Prompt: When you reach the line containing "Далее выбираем безопасный" in the entries below, start writing out each line exactly, and stop after the line containing "Букет из синих".

Given records:
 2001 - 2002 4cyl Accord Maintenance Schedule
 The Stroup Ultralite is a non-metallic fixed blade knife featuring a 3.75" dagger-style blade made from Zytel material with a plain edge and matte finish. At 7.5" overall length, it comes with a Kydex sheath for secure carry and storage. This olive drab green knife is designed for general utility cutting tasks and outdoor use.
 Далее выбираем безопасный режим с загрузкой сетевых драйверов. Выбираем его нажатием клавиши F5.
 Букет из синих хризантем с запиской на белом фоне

...

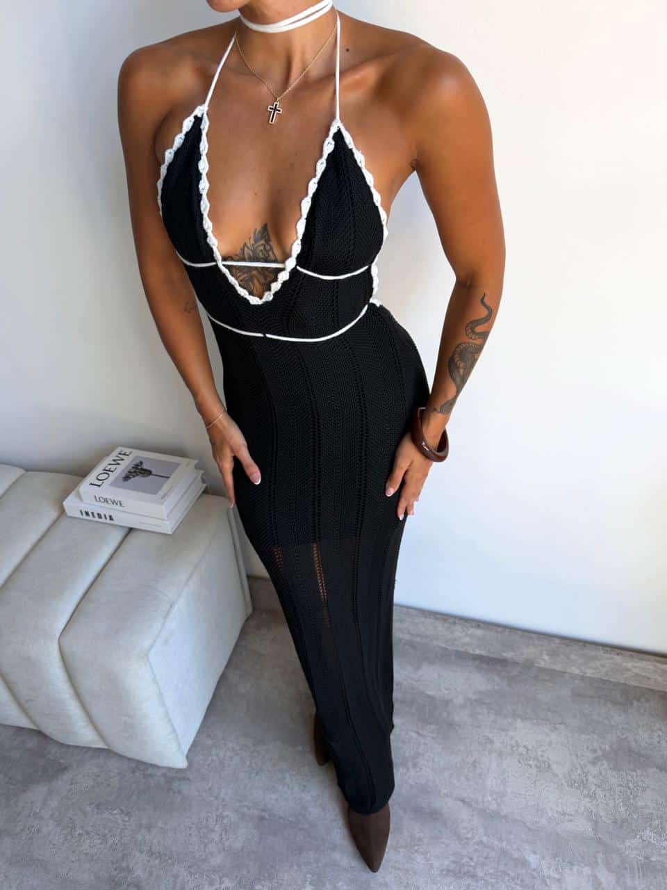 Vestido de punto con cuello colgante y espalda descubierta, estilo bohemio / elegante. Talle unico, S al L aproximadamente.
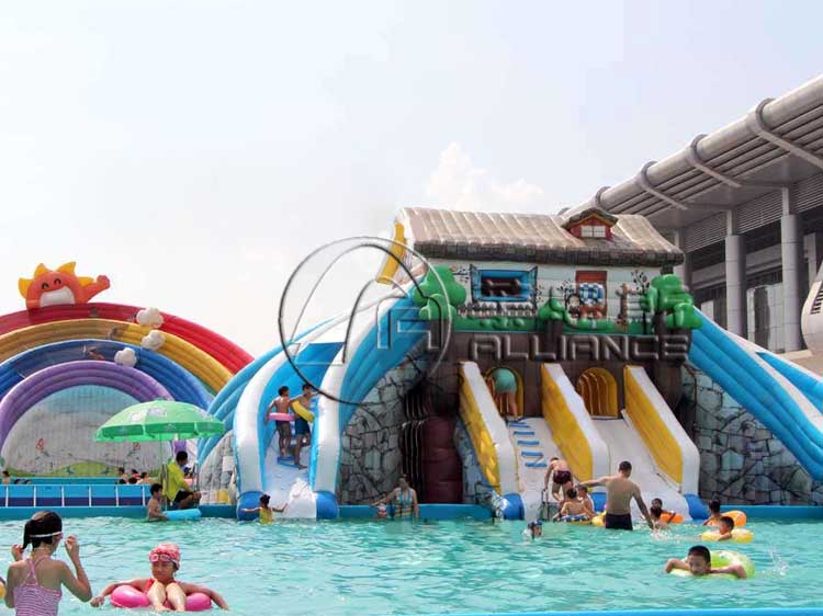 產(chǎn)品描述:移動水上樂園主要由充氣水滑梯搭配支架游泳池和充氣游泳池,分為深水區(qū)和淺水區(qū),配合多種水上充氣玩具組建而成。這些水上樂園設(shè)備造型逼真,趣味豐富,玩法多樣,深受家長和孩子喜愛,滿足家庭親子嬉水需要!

==

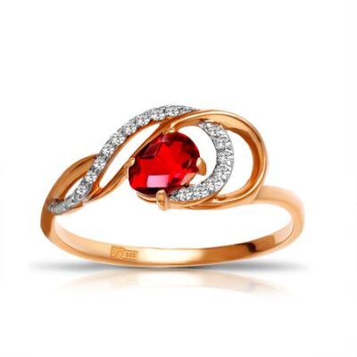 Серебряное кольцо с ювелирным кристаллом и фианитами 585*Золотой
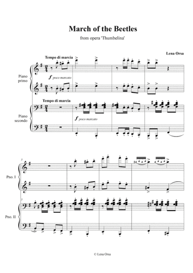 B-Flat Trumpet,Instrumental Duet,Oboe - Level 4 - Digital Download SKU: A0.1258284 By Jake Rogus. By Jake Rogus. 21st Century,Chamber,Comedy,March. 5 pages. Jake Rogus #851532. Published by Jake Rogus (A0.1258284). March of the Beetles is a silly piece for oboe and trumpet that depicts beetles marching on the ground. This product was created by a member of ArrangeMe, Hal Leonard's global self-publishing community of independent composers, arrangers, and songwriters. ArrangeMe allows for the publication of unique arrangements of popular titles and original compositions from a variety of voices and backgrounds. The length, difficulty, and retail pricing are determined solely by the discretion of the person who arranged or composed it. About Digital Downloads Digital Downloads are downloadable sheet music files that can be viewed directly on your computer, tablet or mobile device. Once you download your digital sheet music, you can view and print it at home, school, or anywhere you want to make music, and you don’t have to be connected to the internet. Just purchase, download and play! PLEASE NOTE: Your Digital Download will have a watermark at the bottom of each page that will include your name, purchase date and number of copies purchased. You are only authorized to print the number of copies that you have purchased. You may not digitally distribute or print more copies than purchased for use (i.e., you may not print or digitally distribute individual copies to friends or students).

Answer to the problem:
 Далее выбираем безопасный режим с загрузкой сетевых драйверов. Выбираем его нажатием клавиши F5.
 Букет из синих хризантем с запиской на белом фоне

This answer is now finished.